The growth in private sector credit flow came down to 13.27 per cent in April from 13.63 per cent in March. It was 13.61 per cent in February 2015, according to the central bank latest statistics.
“It’s a temporary phenomenon. The private sector credit growth may rise, as implementation of different development projects, particularly the infrastructural ones, will get pace in the coming months,” a senior official of a leading private commercial bank (PCB) told BBN in Dhaka.
He also said the overall imports normally decrease in April before the national budget.
Opening of letters of credit (LCs) against imports, generally known as import orders, decreased by 5.56 per cent to US$ 3.30 billion in April 2015, from $3.50 billion in the corresponding period of the previous calendar year.
On the other hand, the settlement of LCs, generally known as actual imports, dropped by 1.22 per cent to $3.0 billion during the period under review, from $3.04 billion in the same period in 2014.
He also said availability of loans from overseas sources at lower interest rates also contributed to the lower growth in private sector credit.

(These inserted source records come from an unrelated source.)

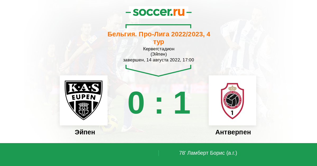 Протокол матча Эйпен против Антверпен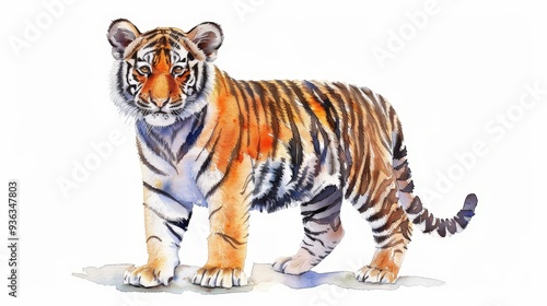 Sweet Tiger Cub Illustration, charming watercolor depiction of a curious tiger cub with detailed fur texture, ideal for children's literature, ample space for text integration.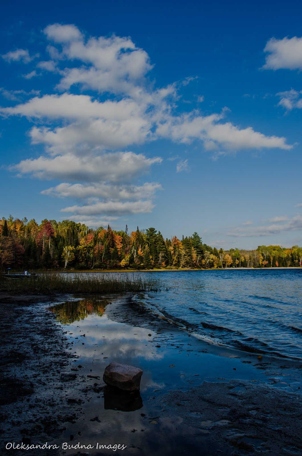 This year, we chose Restoule Provincial Park as a site for our October reflections. Located just south of North Bay, this northern park suits perfectly the definition of a `hidden gem.` It is often overlooked by campers even though the park offers a wide range of outdoor activities and boasts some amazing movie-worthy scenery (Restoule was, in fact, one of the filming locations for Backcountry, a Canadian thriller about a fatal bear encounter). Smaller crowds and the park’s location away from major highways have their benefits: the only sounds we heard during our stay were the calls of birds and the rustling of leaves.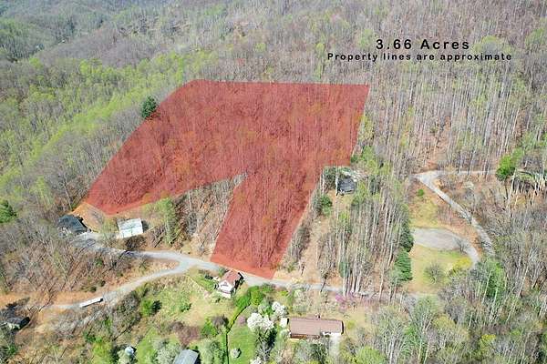 From Waynesville take Great Smoky Mtn. Expressway (Towards Sylva), right on Skyland Drive, right on Willets Road, right on Dark Ridge Rd, right on Lick Log Rd. Then left on Top Drop Lane, bear right up the hill past white "No outlet No turnaround" sign. You will bear right at the gate located at 95 Top Drop Lane to property.
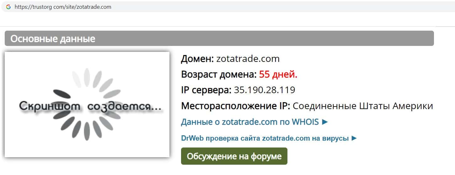 Мы проверили возраст компании кидал ZotaTrade через сайт "Доверие в Сети2. Оказалось, что мошенникам нет и двух месяцев. Компания просто врёт о своём опыте работы.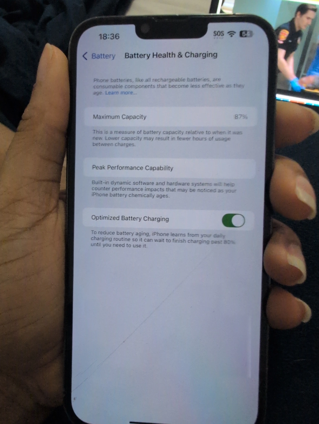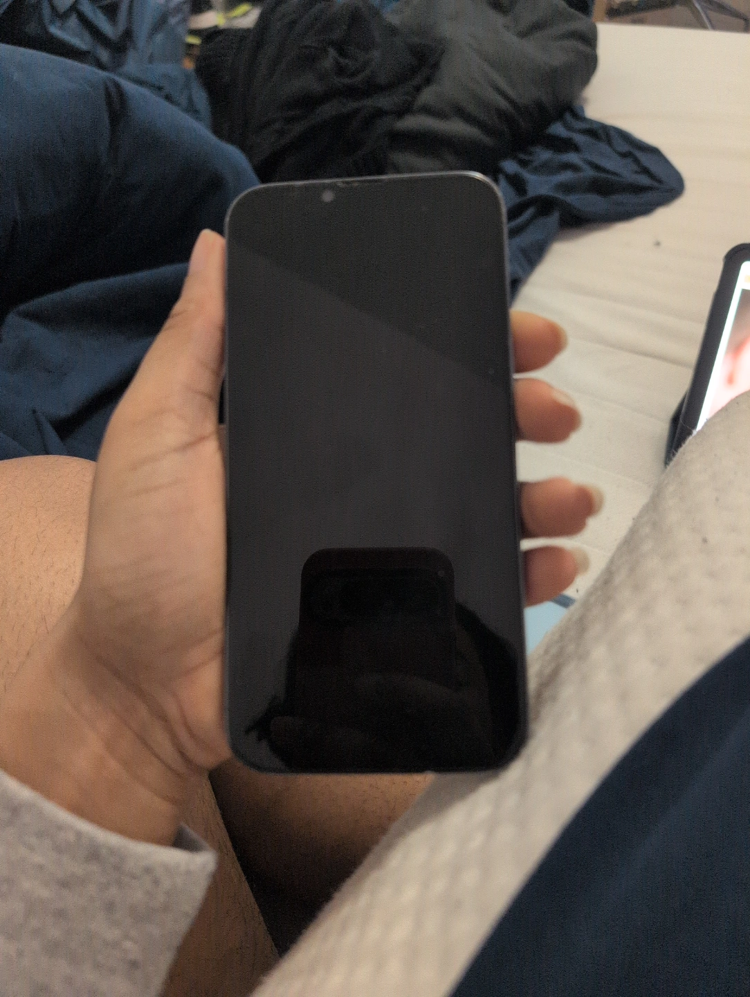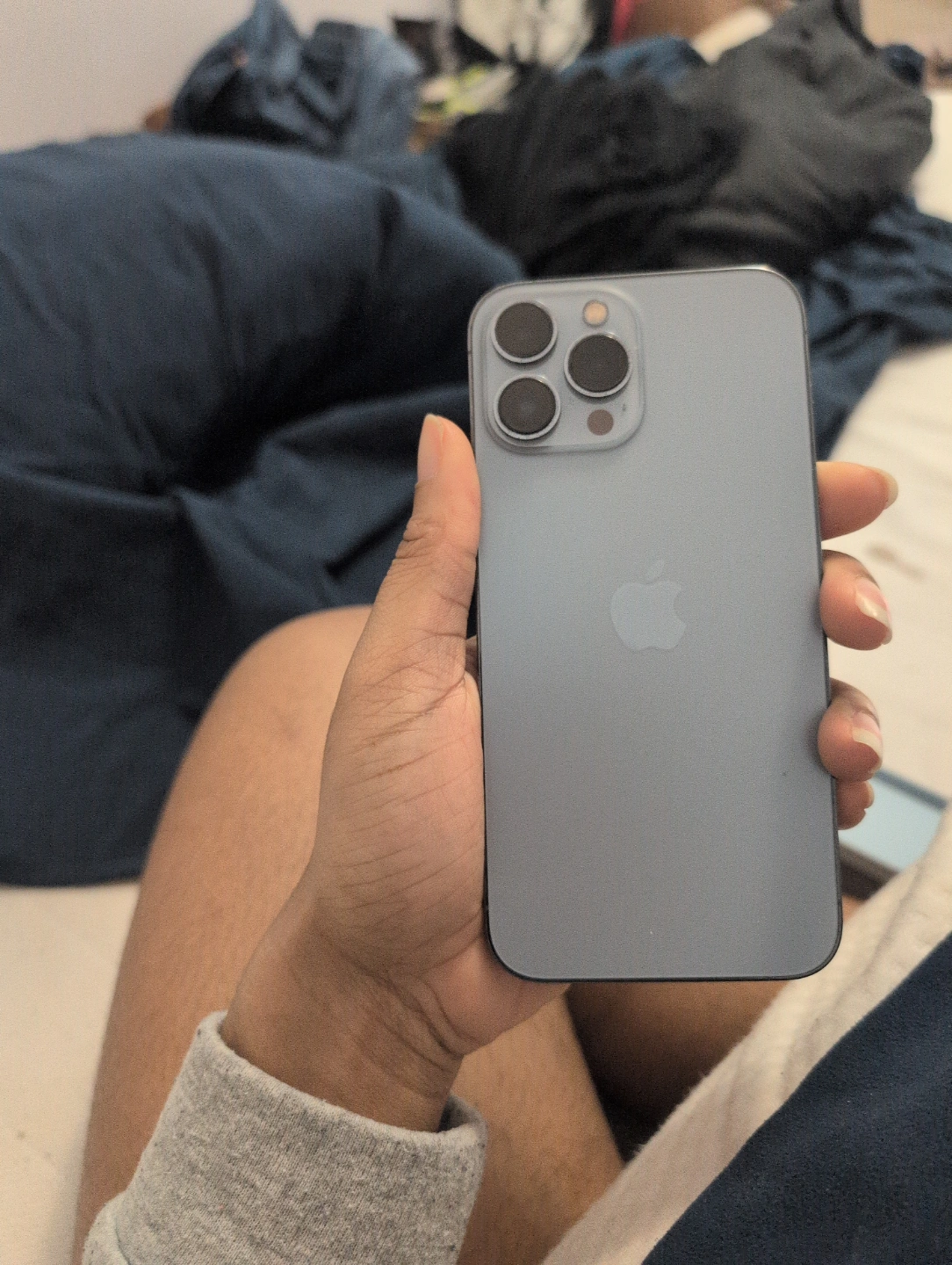 75Pre-owned iPhone 13 Pro Max. Sierra Blue colour. 128 GB storage. Battery health at 87%. Selling as is. Screen guard is on it. The screen is completely clear with no scratch on it. Comes with a cord.

“The private sector credit growth decreased slightly in April, considering local currency loans only,” a senior official of the Bangladesh Bank (BB) said. “Actually credit growth to the private sector is maintaining a rising trend in the recent months, considering both local and foreign sources of the loans.”
The total outstanding loans with the private sector rose to BDT 5,577.76 billion in April 2015 from BDT 4,924.10 billion in the same month of the previous calendar year, the BB data showed.
The central bank earlier set the ceiling for private sector credit growth at 15.5 per cent for the January-June period of the current fiscal year (FY), 2014-15.